E' da un pò che certe autorità religiose - vedi Ratzinger - tuonano contro un fenomeno detto 'relativismo'. Se capisco bene si vuole intendere che, poiché la coscienza dell'uomo attuale mette in dubbio i dettami morali e religiosi tradizionali e non li segue più, da ciò origina il vuoto di valori cui assistiamo nel nostro mondo. A questo giudizio se ne accompagnano altri in sintonia con i precedenti, proferiti da quelle o da altre 'autorità', o anche da liberi pensatori, che si indignano contro il cosiddetto 'nichilismo' dei nostri tempi: poiché l'uomo, si dice in sostanza, dalla Rivoluzione Francese - o dall'Illuminismo - in poi ha cominciato a pensare criticamente, magari sbeffeggiando e distruggendo quanto fino ad allora era ritenuto sacro e inviolabile, ora è rimasto senza ideali, senza Dio, è solo con il 'nulla' creato dalla sua ragione. Il Relativismo e il Nichilismo, insomma, sono le madri di tutti i mali... Pur condividendo in parte l'opinione sul vuoto di valore dei nostri tempi - intendendo per 'valore' quello interiore, ideale e spirituale - oggi colmato dalla sola ricerca di valore nel senso economico e commerciale, vorrei esprimere questo: secondo me, se l'uomo è davvero caduto nel relativismo, è perché i valori religiosi su cui in precedenza faceva affidamento erano relativi; se si è arrivati al nichilismo, ciò è dovuto al fatto che l'idea del divino concepita in passato era totalmente nulla, una negazione della fede e della coscienza.
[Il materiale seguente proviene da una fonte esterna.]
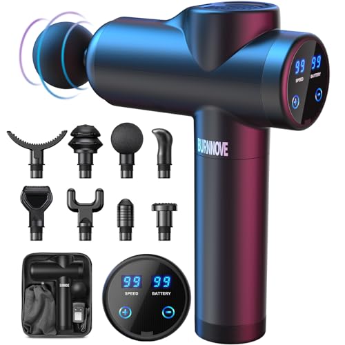 BURNNOVE Pistola de Masaje Negro Masajeador Muscular Profundo 8 Cabezales 99 Velocidades Batería 2500mAh Pantalla LCD Estuche Portátil ASPECTOS CLAVE

Trovo pertanto assurdo che si invochi il ritorno a valori logori per poter riempire quel vuoto interiore cui ci si riferisce. Può esistere una religione o una religiosità profonda, che non dipende da fedi particolari, da autorità paternalistiche, da potentati ecclesiali o filosofici? Scoprendo ognuno in sé stesso l'insopprimibile ricerca della verità, del mistero della vita e della morte, quella fede genuina di cui ogni uomo è 'portatore sano', quella virtù che nasce dall'intelligenza e non dalla sottomissione, forse solo allora si potrà essere finalmente affrancati da religioni che - quelle sì - relativizzano l'individuo a favore del 'gregge' e nichilizzano la sua coscienza.